In every experiment, there is room for error. In this experiment, there was the chance of
mathematical error and data error. This experiment involved a lot of math, much of which
included rounding. Because I did not use exact numbers, there was a margin for error. There also
was the possibility of miscalculations, like addition errors. Error can also be present in the data I
used. The data was given to me and could contain error for which I could not resolve. A third
source of error could come from the nature of this lab. Our experiment is a model of genetic
inheritance and therefore has limitations. Our model is simplified and cannot account for every
aspect of the complex process of inheritance.
Inheritance is the main topic of this lab. After completing this lab, it is apparent that there
is an inheritance mechanism which allows traits in occur in the parents to be passed down to the
offspring. Every offspring has traits that occur in either parent or grandparent. There are two
options for each trait and one of those options appears in every offspring; there is no random
third option that appears. The data shows that there is mechanism that allows traits to be passed
down from generation to generation.
As stated before, for each trait examined, there are two phenotypic outcomes. The
evidence suggests that these two outcomes remain distinct from each other; there is no blending
of traits. Blending can be found in humans; there are many different shades of hair color, not just
blonde or brunette. Blending does not appear to occur with these traits with Reebops. For
example, there can be red legs or blue legs. If blending occurred, there could be offspring with
purple legs, the combination of blue and red. However, there are no offspring with purple legs.

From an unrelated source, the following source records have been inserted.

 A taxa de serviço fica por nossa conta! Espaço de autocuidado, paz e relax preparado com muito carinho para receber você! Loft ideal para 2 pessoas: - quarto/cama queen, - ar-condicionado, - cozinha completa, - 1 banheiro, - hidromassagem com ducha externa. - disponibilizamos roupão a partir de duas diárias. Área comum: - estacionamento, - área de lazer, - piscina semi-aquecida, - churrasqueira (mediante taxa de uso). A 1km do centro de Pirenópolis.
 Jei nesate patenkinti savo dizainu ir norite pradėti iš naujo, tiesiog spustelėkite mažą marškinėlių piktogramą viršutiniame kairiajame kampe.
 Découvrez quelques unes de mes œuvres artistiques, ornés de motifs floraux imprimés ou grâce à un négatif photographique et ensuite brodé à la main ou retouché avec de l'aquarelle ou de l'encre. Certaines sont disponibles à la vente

The same is true for every other trait examined.
The alleles that transmit the physical traits remain the same from generation to
generation. If the trait for antennae is represented by the letters B and b in the P generation, the
same letters will represent the trait in the F1 generation and the F2 generation. The combination
of alleles can vary from generation to generation but the alleles themselves do not change.

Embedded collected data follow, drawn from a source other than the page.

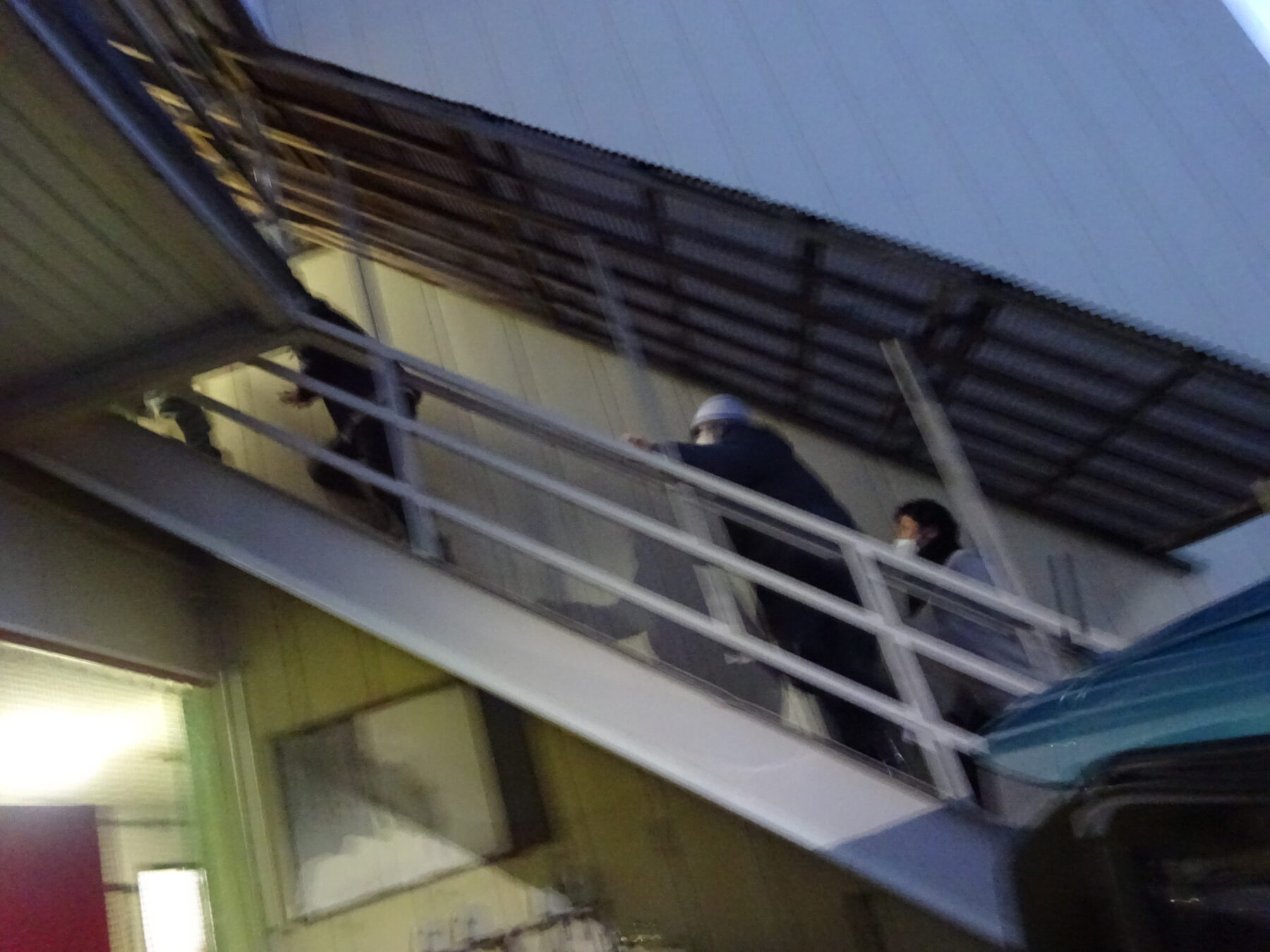 アパートタイプの住居では、外の階段で2階へ避難しました。
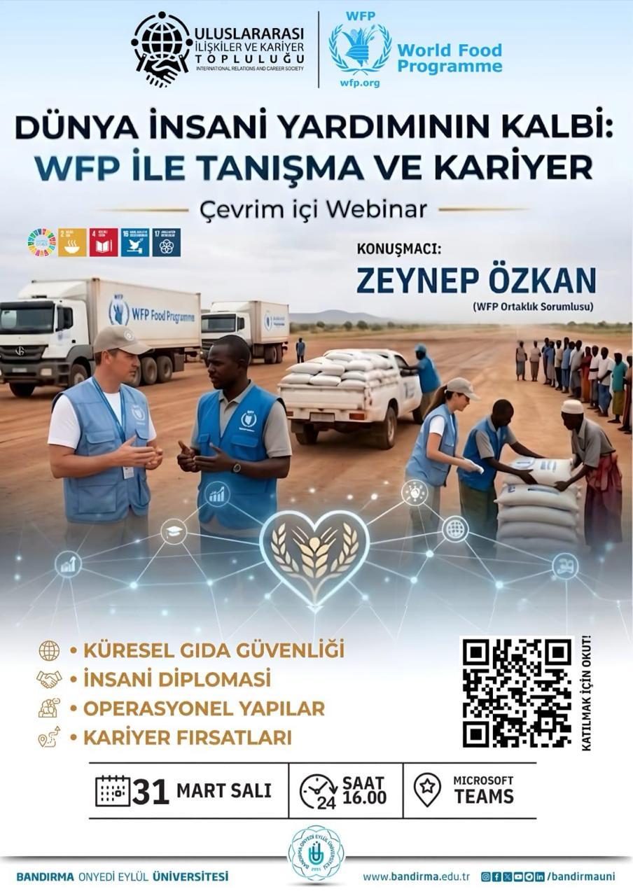 Bandırma Onyedi Eylül Üniversitesi Uluslararası İlişkiler ve Kariyer Topluluğu olarak, WFP Ortaklık Sorumlusu Zeynep Özkan’ın katılımıyla gerçekleştireceğimiz özel webinara davetlisiniz!
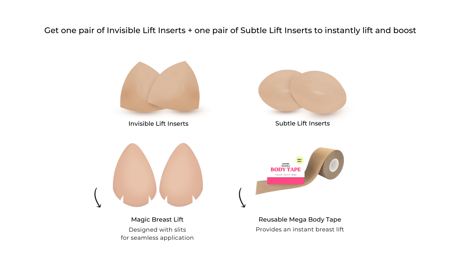 Designed to keep your curves looking naturally lifted and smooth without the hassle of wires or straps. Perfect for plunging necklines, backless outfits, and even swimwear! This bundle will keep you feeling supported and looking fabulous all day long.
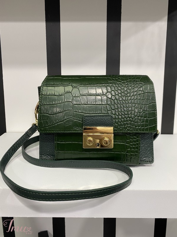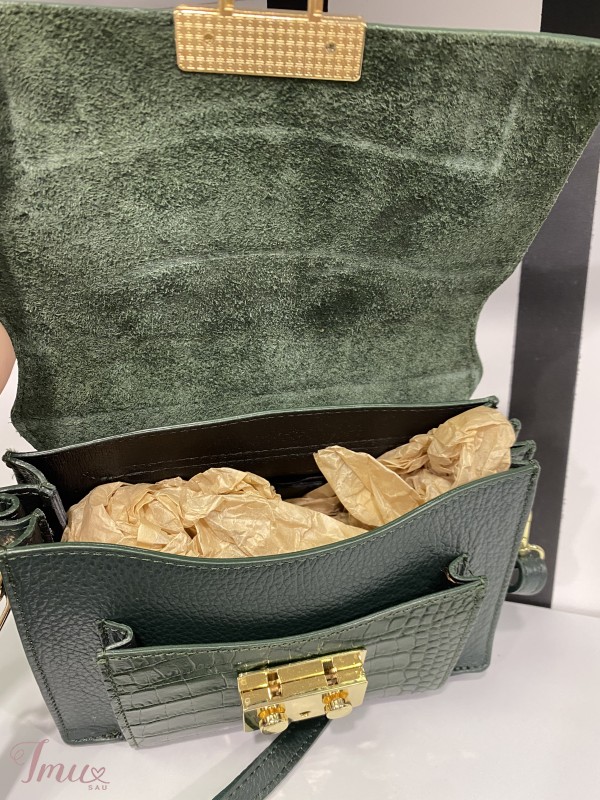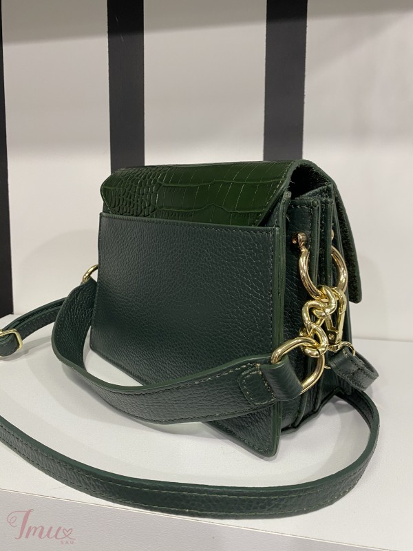 Tamsiai žalias odinis rankinukas per petį. Išmatavimai: 22x16x9

As discussed in the Introduction section, Gregor Mendel’s work resulted in the principles
of segregation and independent assortment. The principle of segregation states that sexually
reproducing organisms have two alleles that separate during the production of gametes. In the
resulting offspring, there was only one allele from each parent. There is evidence in my data that
supports this. Each offspring has one allele from each parent, not two.

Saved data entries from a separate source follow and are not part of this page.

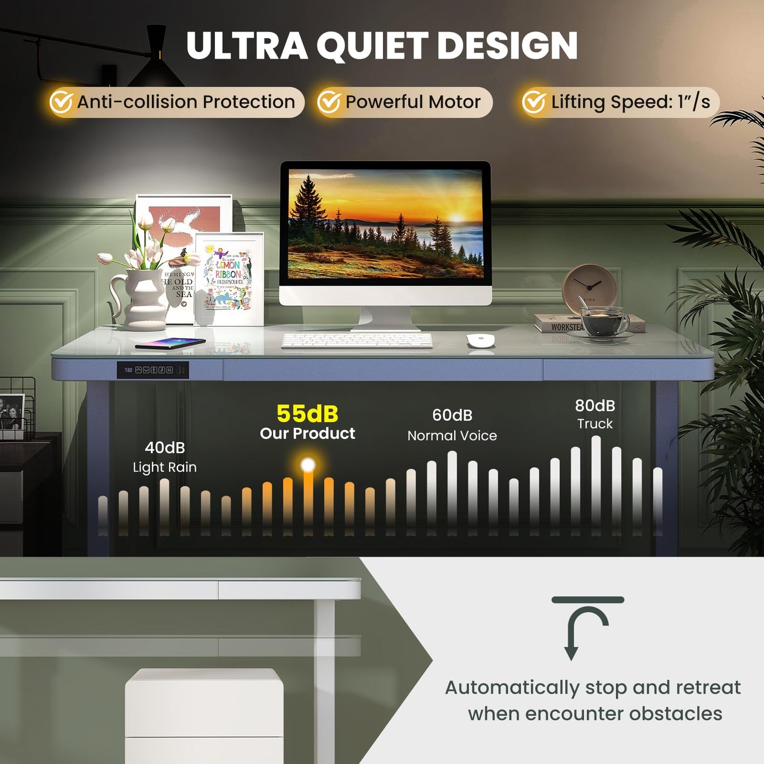 Elevate your workspace with the sophisticated and versatile glass standing desk with drawers. This electric standing desk blends functionality and style with its height-adjustable feature, ranging from 28.5” to 46.5”. Powered by an efficient motor, it operates at a speed of 1”/s, keeping low noise levels to maintain a focused environment. The tempered glass surface is not only waterproof and easy to clean but is also designed for writing convenience. Below the sleek top, a smoothly integrated drawer slides quietly on metal rails, providing adequate storage. Control is at your fingertips with the multi-function intelligent keypad. The inclusion of USB & Type-C ports ensures your gadgets stay powered, enhancing productivity without leaving your desk. The desk features anti-collision technology for safety, halting, and retracting upon sensing any obstacles. Transform and optimize your work area with this practical, space-efficient standing desk, suitable for any room.
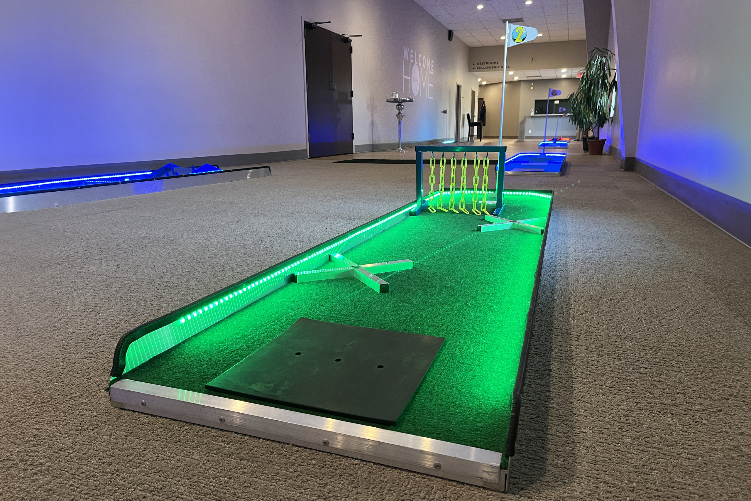 LED mini golf arcade game rental Nashville from Music City Mini Golf transforms venues with glowing courses, RGB lighting, and immersive visuals, delivering high-impact entertainment for nightlife events, corporate parties, and festivals.
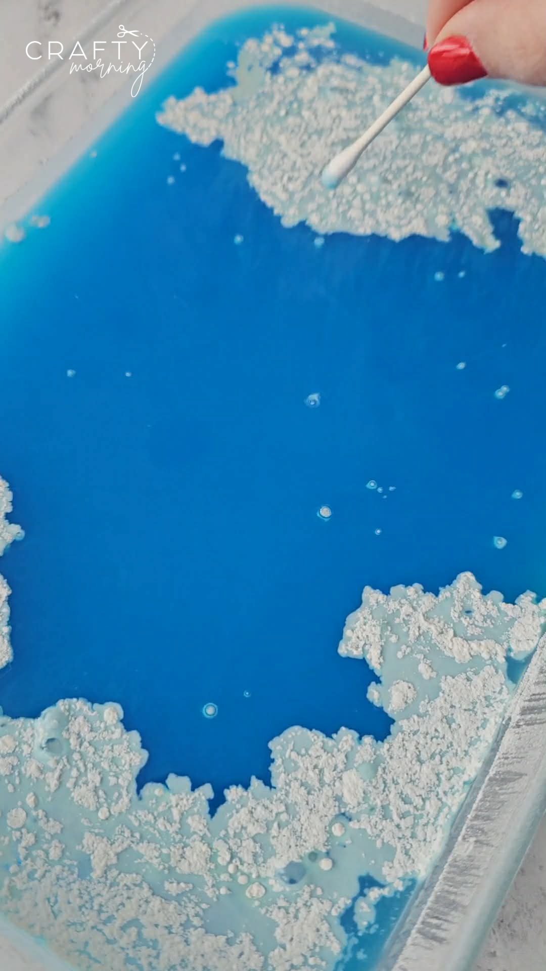 - Dip the q-tip into the soap then press into the baby powder. It will "crack" one or two times.
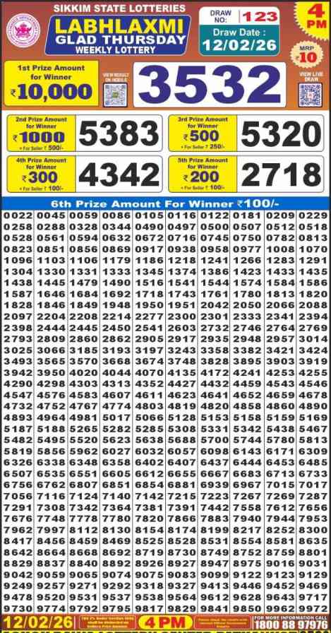 Sikkim State Labh laxmi Glad Thursday Lottery ticket is only Ten rupees for 1 ticket, but 10,000 is given as prize for winning the major. Results are also placed on this page which you can see Labh laxmi Glad Thursday Lottery Result today is searched by different names, Sikkim State Labh laxmi Glad Lottery Result 4pm, Sikkim State lottery 4PM result , Sikkim State Lottery today Labh laxmi Glad lottery result, Sikkim Labh laxmi Thursday Lottery Result, Sikkim State Labh laxmi Glad Thursday lottery result 12.2.2026, Labh laxmi Glad lottery result 4pm, Sikkim State lottery 12.2.2026.
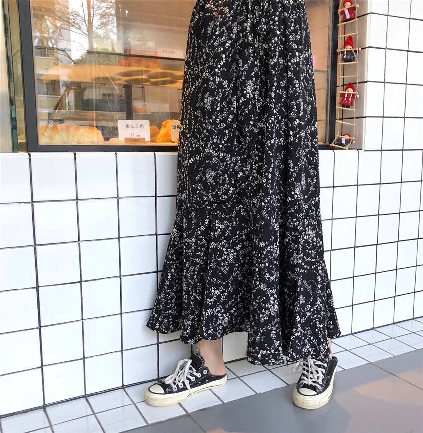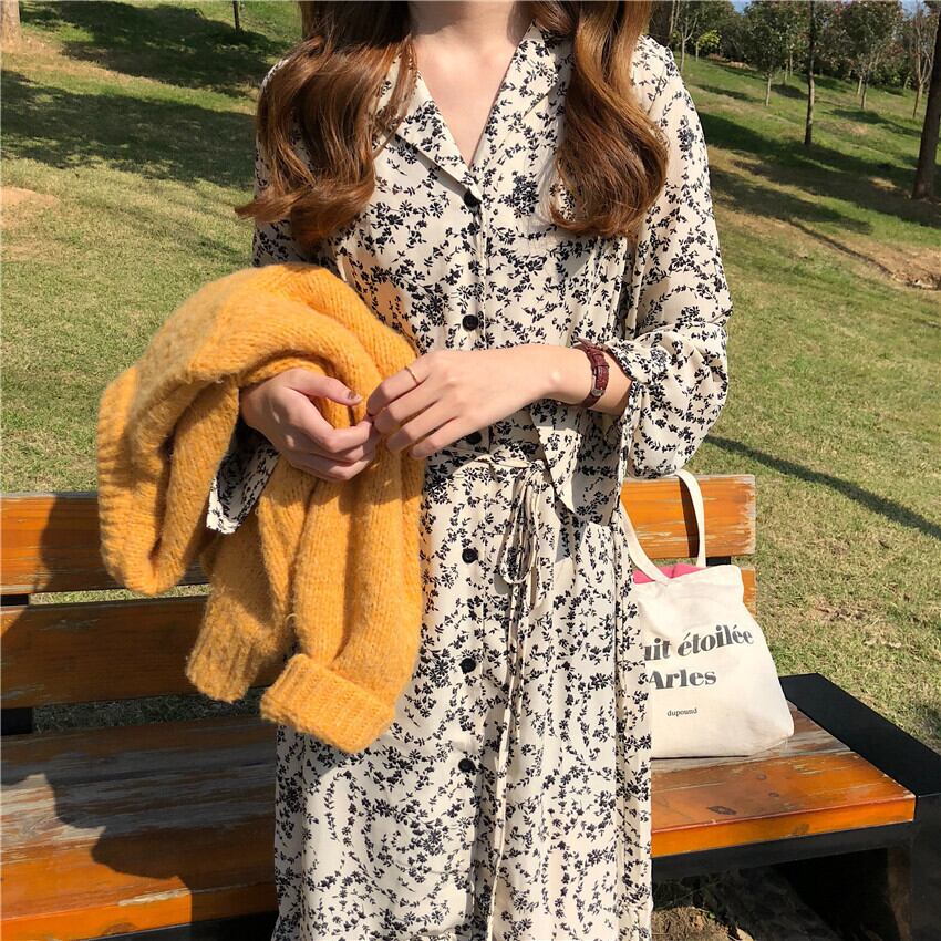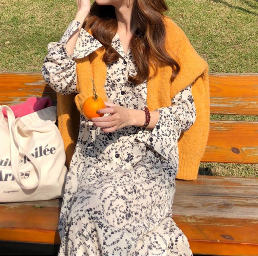レトロなフローラルプリントのロングシャツワンピース。

The principle of independent assortment states that each pair of alleles on homologous
chromosomes is distributed independently from every other pair. Evidence for this principle can
be found in the dihybrid crosses. If independent assortment did not occur and alleles had a
specific order, such as dominant alleles on the left and recessive alleles on the right during
Metaphase I, the combinations Le and El would never occur. However, both combinations do
occur in the data. Therefore, independent assortment must occur.
Both parents contribute to the offspring; each parent contributes one allele per trait. Both
parents may not contribute to the phenotype of the offspring but both contribute to the genotype.
If one parent gives a dominant allele and one gives a recessive allele, only the dominant allele is
expressed in the phenotype; however, the recessive allele is important when the offspring
reproduces. The offspring can pass on the recessive trait when it reproduces.
There were a few rules of inheritance for which I had to make slight exceptions. Firstly,
the F2 data did not match exactly with the expected F2 phenotypic ratios; however the numbers
were close. I had to do this because this data was the only data with which I could work. If I did
not make this exception, I could not have proceeded with the lab. I also had to ignore the
possibility of mutations or other genetic malfunctions that could account for the F2 data. I had to
do this because I had no information about any mutations or malfunctions. I only had the
provided data and had to base my results and conclusions off of the information given to me.